Generating an API Token
- Go to Settings in the Dev Console
- Under API Tokens, click Generate Token
- Name your token (e.g. "GitHub Actions deploy") and choose an expiration
- Copy the token immediately — it won't be shown again
Authentication
Include your token in the Authorization header:
Authorization: Bearer igb_dev_your_token_here
All endpoints return JSON with this envelope:
{
"status": "success",
"json": { ... }
}
Errors return:
{
"status": "error",
"message": "Description of what went wrong"
}
Endpoints
List Agents
GET /api/v1/agents
Returns all your agents with their versions.
curl -H "Authorization: Bearer igb_dev_..." \
https://developer.igentbase.com/api/v1/agents
Get Agent Details
GET /api/v1/agents/{agent_id}
Returns agent metadata, categories, capabilities, and all versions.
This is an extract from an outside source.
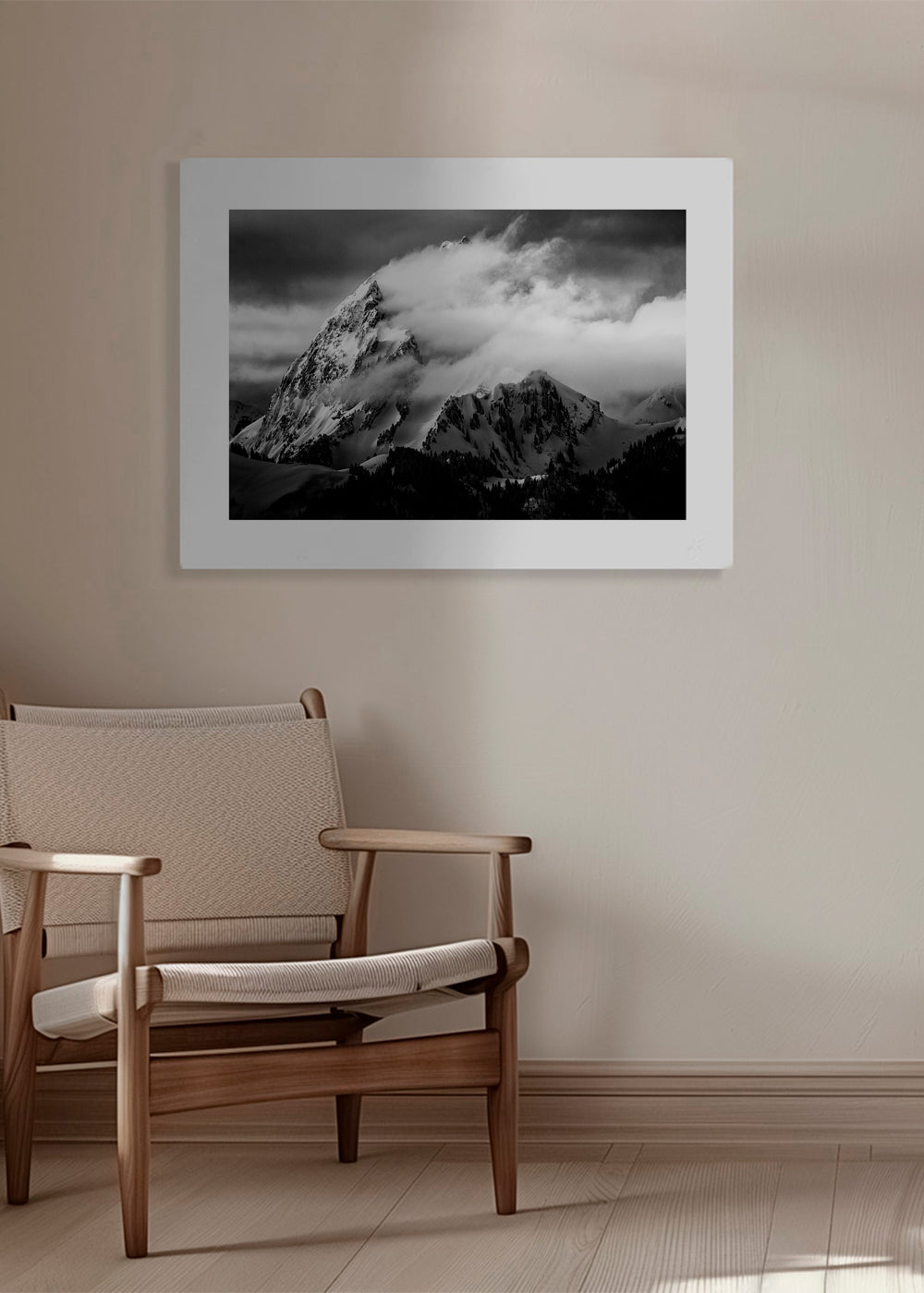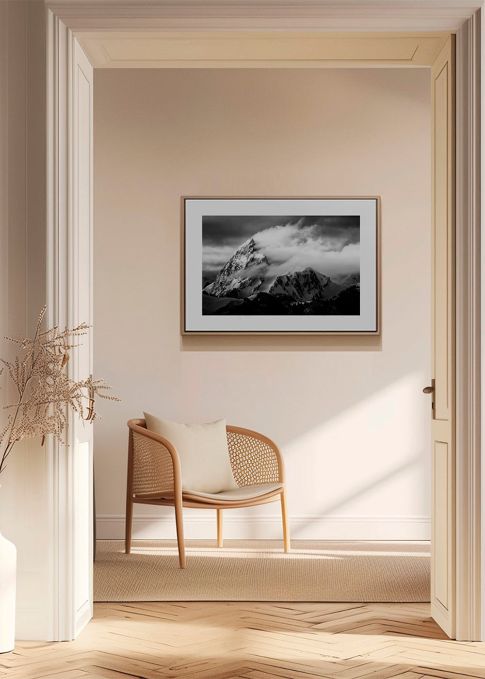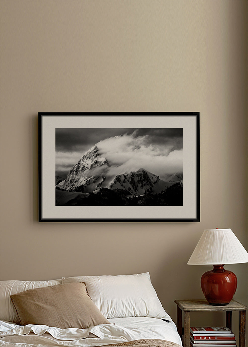 Beautiful design from our mountains wall art category, with black tones, and in horizontal position. A beautiful landscape perfect for pairing with other nature prints. Walls full of creativity. The white strip around the piece enhances its expressiveness.

Check Agent ID Availability
GET /api/v1/agents/{agent_id}/check-availability
Check if an agent ID is available before creating it in the Dev Console. Returns:
{ "available": true }
// or
{ "available": false, "reason": "This agent_id is already taken." }
Add Version
POST /api/v1/agents/{agent_id}/versions/add
Create a new version for your agent. The agent must be verified first.
curl -X POST \
-H "Authorization: Bearer igb_dev_..." \
-H "Content-Type: application/json" \
-d '{
"version": "1.2.0",
"changelog": "Added weather alerts support",
"functions": [
{
"function_name": "get_weather",
"destination": "https://your-server.com/weather",
"http_method": "POST",
"pricing_type": "per_token",
"per_1m_input_token_price": 0.50,
"per_1m_output_token_price": 1.00
}
],
"configuration": {}
}' \
https://developer.igentbase.com/api/v1/agents/weather.mcp/versions/add
Function fields:
| Field | Type | Description |
|---|---|---|
function_name | string | Name of the tool/function (required) |
destination | string | URL the gateway proxies to |
http_method | string | POST (default) or GET |
stream | boolean | Whether this function supports SSE streaming |
pricing_type | string | per_token, per_request, or free |
per_request_price | number | Price per request (if pricing_type is per_request) |
per_1m_input_token_price | number | Price per 1M input tokens |
per_1m_output_token_price | number | Price per 1M output tokens |
per_1m_cache_token_price | number | Price per 1M cache tokens |
usage_instruction | string | Usage example or description |
Get Version Details
GET /api/v1/agents/{agent_id}/versions/{version}
Returns version metadata and all functions defined in that version.
Update Agent
POST /api/v1/agents/{agent_id}/update
Update agent metadata. Only include the fields you want to change. The agent_id is immutable.
curl -X POST \
-H "Authorization: Bearer igb_dev_..." \
-H "Content-Type: application/json" \
-d '{
"name": "Weather Pro",
"short_description": "Advanced weather forecasting agent",
"capabilities": ["tools", "resources"]
}' \
https://developer.igentbase.com/api/v1/agents/weather.mcp/update
Updatable fields:
| Field | Type | Description |
|---|---|---|
name | string | Agent display name |
short_description | string | Brief description |
agent_type | string | Agent type |
access_type | string | public or restricted |
platforms | array | Supported platforms (replaces existing) |
category | array | Categories (replaces existing) |
capabilities | array | Protocol capabilities (replaces existing) |
Update Version
POST /api/v1/agents/{agent_id}/versions/{version}/update
Update version metadata or replace all functions. Only include the fields you want to change.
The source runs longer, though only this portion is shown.